Non Sequitur Music

Small Blue Marble

Play Small Blue Marble, as performed live
by the Enso Quartet.



















Composer: David Heuser
Instrumentation: String Quartet (2 violins, viola, cello)
Year Composed: 2004
Duration:17 minutes
Pages (score): 34
Cost: Purchase: $30.00

Sample score pages are available for this piece.
Click here for a PDF file of the first six pages of the score.

Representative Performances:

  • Amy Ventricinque, Mary Ellen Goree, Allyson Dawkins, Marilyn de Oliveira, Composers Alliance of San Antonio Concert, McNay Art Museum, San Antonio, Texas (April 2006)
  • The Enso String Quartet, Society of Composers, Inc.
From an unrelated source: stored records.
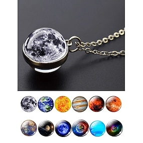 Collier pendentif planète pour homme, bijou en alliage et verre sous dôme, motifs variés du système solaire, style cosmique minimaliste idéal au quotidien et parfait comme cadeau.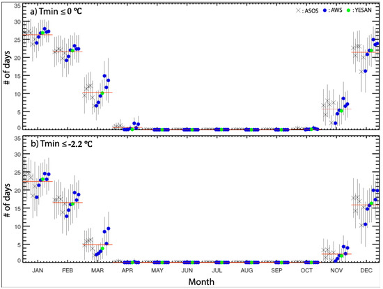 Number of days with the minimum temperature (Tmin) (a) below 0 °C and (b) below −2.2 °C noted at each observation station (x, ASOS; blue filled circle, AWS; and green filled circle, YESAN). Red lines represent the average of the 13 stations for each month and black bars show standard variation of each station.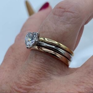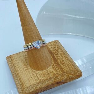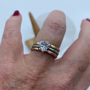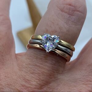 3-Piece Women's Stainless Steel Rings With Heart Shaped Cubic Zirconia sizes 5,9,10

Region VI Conference, Shepherd School of Music at Rice University, Houston, Texas (February 2006)


Performance by Mary Ellen Goree & Amy Venticinque (violins), Allyson Dawkins (viola), and Marilyn de Oliveira, (cello), reviewed by Mike Greenburg, writing in the San Antonio Express-News (May 2006):

"Restless, craggy music in the Bartok line alternates with gently lyrical sections to portray this humane work's imaginary circling of the globe."

Program Notes:

The initial inspirations for Small Blue Marble were a picture and a dream. The picture is the famous image of the Earth as seen from the moon by the Apollo astronauts, an image of a small planet hanging vulnerably in the darkness of space. The work begins with this image, with a cold, sustained chord of outer space, but at its core, the piece is a travelogue for the planet inspired by a dream of flying toward the Earth, entering its atmosphere (the first rhythm of the piece – the breath of life), and proceeding around the globe, flying fast over land, maybe 50 feet off the ground, fields and mountains and all, plunging into the sea, crossing one ocean, coming back again to land on the other side of the globe, picking up more speed, and finally coming back to water, but this time falling slowly into the ocean’s deepest depths. Here, at the end, in another world without air, the opening music returns to draw the parallel between deep space and the deep sea. We live on a cracker between these two inhospitable worlds, an even more fragile situation than the picture which inspired this piece presents.